• **Description of the task**
Leaving pictures aside, restate exactly the lines of the data below, from the first one through the line that contains "牧师伊卡拉姆行走在发掘现场之".

[Records excerpted from a collection]
- - -

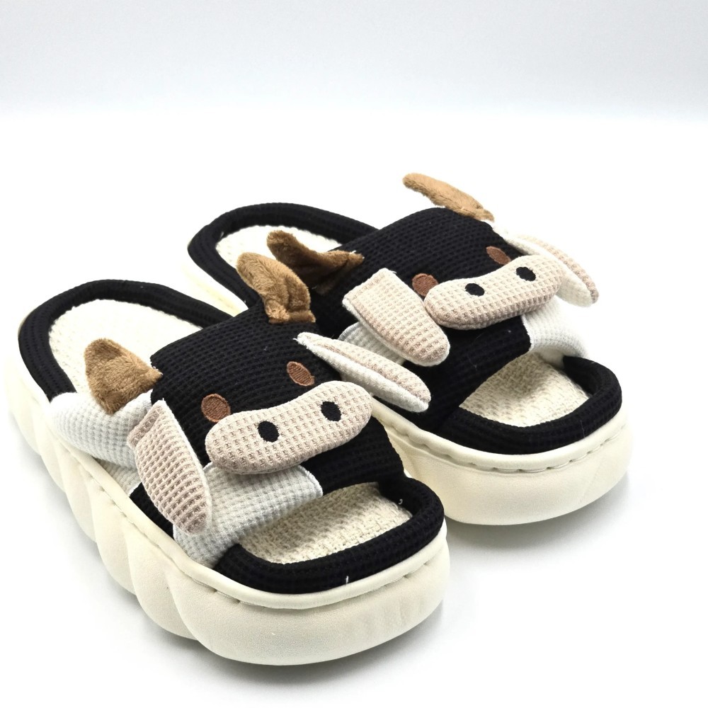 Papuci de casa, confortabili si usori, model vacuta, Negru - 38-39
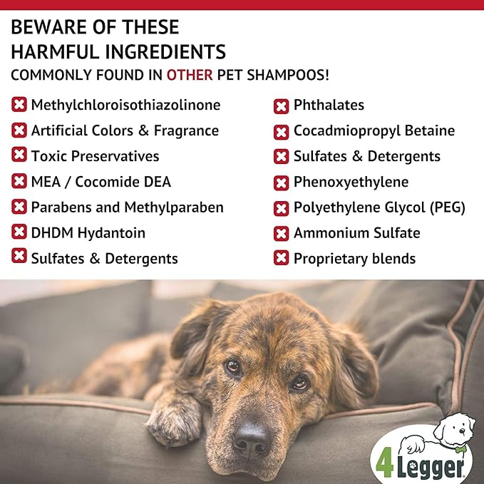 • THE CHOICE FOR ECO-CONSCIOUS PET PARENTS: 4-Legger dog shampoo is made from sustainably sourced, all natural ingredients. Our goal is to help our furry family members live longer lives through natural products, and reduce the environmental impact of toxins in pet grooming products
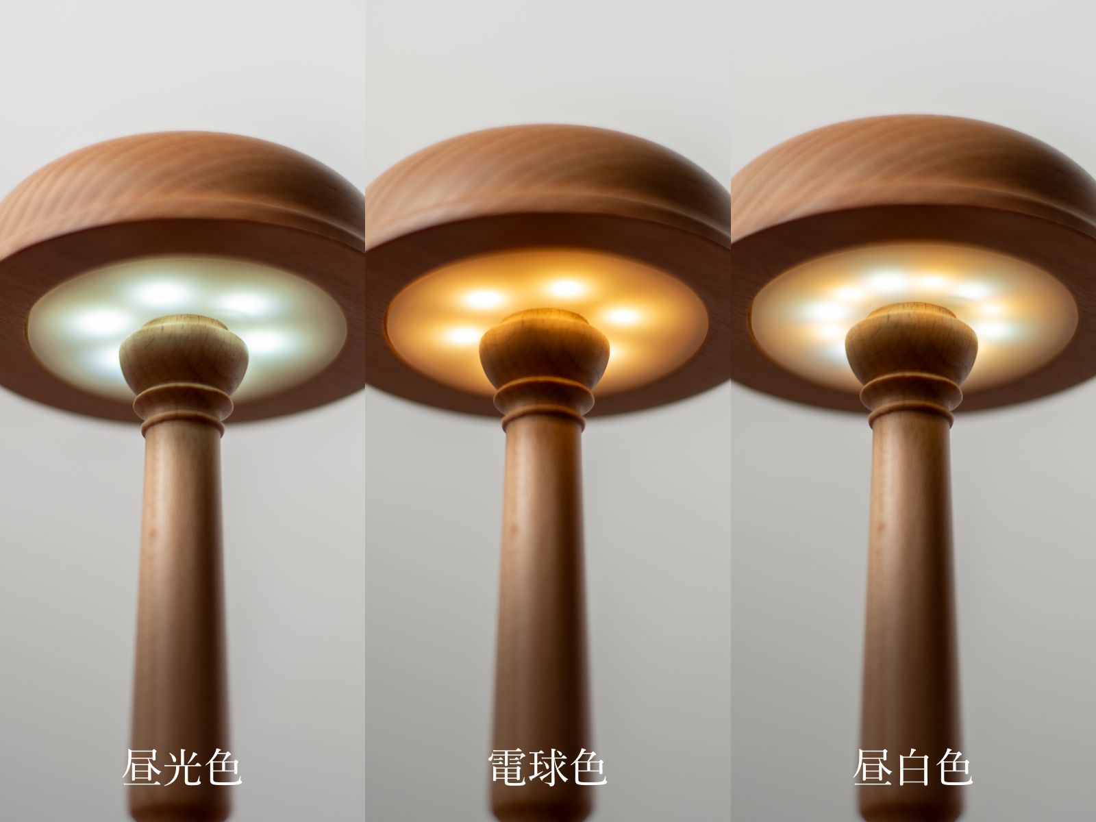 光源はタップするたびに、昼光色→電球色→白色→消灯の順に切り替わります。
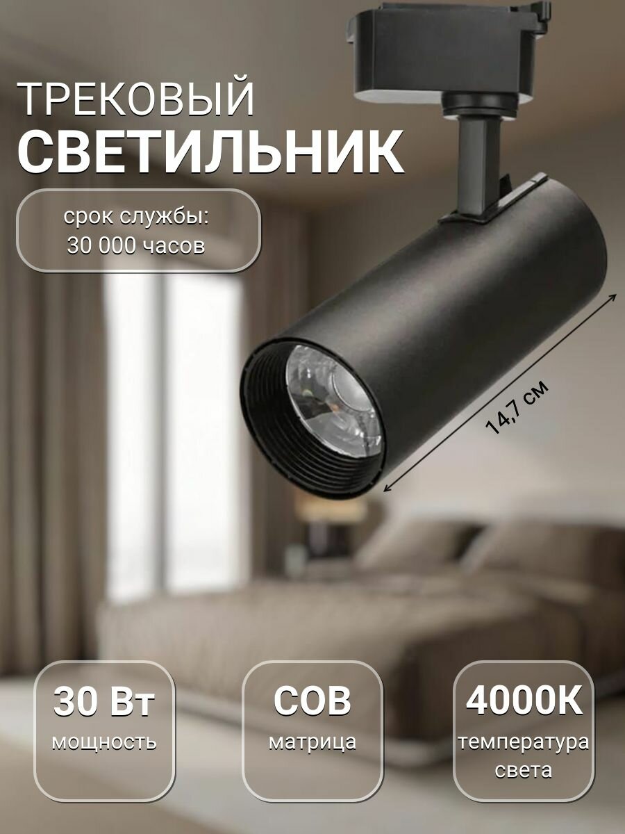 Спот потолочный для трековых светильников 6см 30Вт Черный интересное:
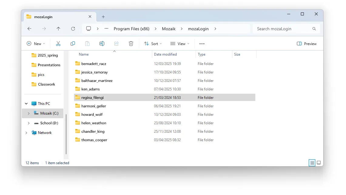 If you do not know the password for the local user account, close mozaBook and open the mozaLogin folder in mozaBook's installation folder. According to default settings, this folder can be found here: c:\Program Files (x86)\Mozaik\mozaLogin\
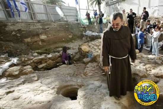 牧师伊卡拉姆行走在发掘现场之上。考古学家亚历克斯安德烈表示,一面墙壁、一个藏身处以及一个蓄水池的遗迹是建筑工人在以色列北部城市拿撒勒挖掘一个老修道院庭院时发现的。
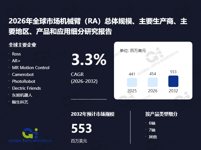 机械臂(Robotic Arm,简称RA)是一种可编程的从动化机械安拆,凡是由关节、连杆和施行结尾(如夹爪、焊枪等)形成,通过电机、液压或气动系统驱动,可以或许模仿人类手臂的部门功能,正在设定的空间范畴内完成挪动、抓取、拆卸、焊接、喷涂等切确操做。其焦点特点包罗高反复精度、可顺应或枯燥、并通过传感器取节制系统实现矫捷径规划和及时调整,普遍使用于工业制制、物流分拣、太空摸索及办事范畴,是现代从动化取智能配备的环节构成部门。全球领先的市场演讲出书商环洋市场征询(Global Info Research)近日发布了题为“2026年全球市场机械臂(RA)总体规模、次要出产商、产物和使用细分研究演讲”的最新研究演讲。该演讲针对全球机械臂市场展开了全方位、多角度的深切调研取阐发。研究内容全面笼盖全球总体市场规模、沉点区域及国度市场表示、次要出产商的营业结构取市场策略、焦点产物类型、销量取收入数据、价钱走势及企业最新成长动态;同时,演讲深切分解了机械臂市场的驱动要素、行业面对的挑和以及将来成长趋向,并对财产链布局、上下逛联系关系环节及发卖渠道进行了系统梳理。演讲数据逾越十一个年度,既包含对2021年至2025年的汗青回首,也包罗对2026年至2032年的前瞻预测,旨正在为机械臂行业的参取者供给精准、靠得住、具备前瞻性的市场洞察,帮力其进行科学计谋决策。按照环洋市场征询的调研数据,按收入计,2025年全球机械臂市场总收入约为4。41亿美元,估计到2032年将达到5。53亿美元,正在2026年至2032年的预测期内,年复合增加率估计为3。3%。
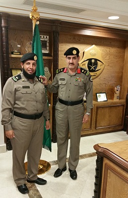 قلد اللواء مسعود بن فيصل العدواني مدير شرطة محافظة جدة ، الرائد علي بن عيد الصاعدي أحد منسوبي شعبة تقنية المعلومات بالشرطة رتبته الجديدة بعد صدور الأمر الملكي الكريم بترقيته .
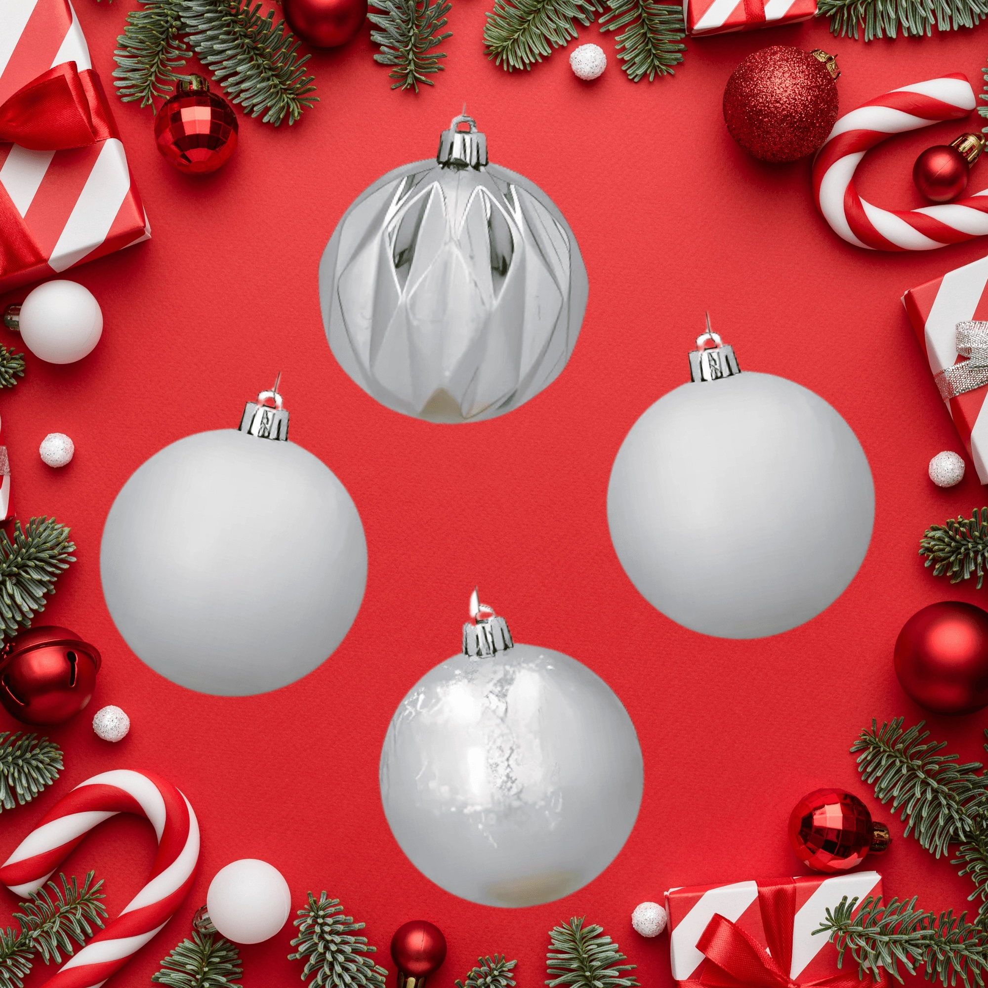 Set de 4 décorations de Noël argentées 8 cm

- - -

• **Response below**
 Papuci de casa, confortabili si usori, model vacuta, Negru - 38-39
 • THE CHOICE FOR ECO-CONSCIOUS PET PARENTS: 4-Legger dog shampoo is made from sustainably sourced, all natural ingredients. Our goal is to help our furry family members live longer lives through natural products, and reduce the environmental impact of toxins in pet grooming products
 光源はタップするたびに、昼光色→電球色→白色→消灯の順に切り替わります。
 Спот потолочный для трековых светильников 6см 30Вт Черный интересное:
 If you do not know the password for the local user account, close mozaBook and open the mozaLogin folder in mozaBook's installation folder. According to default settings, this folder can be found here: c:\Program Files (x86)\Mozaik\mozaLogin\
 牧师伊卡拉姆行走在发掘现场之上。考古学家亚历克斯安德烈表示,一面墙壁、一个藏身处以及一个蓄水池的遗迹是建筑工人在以色列北部城市拿撒勒挖掘一个老修道院庭院时发现的。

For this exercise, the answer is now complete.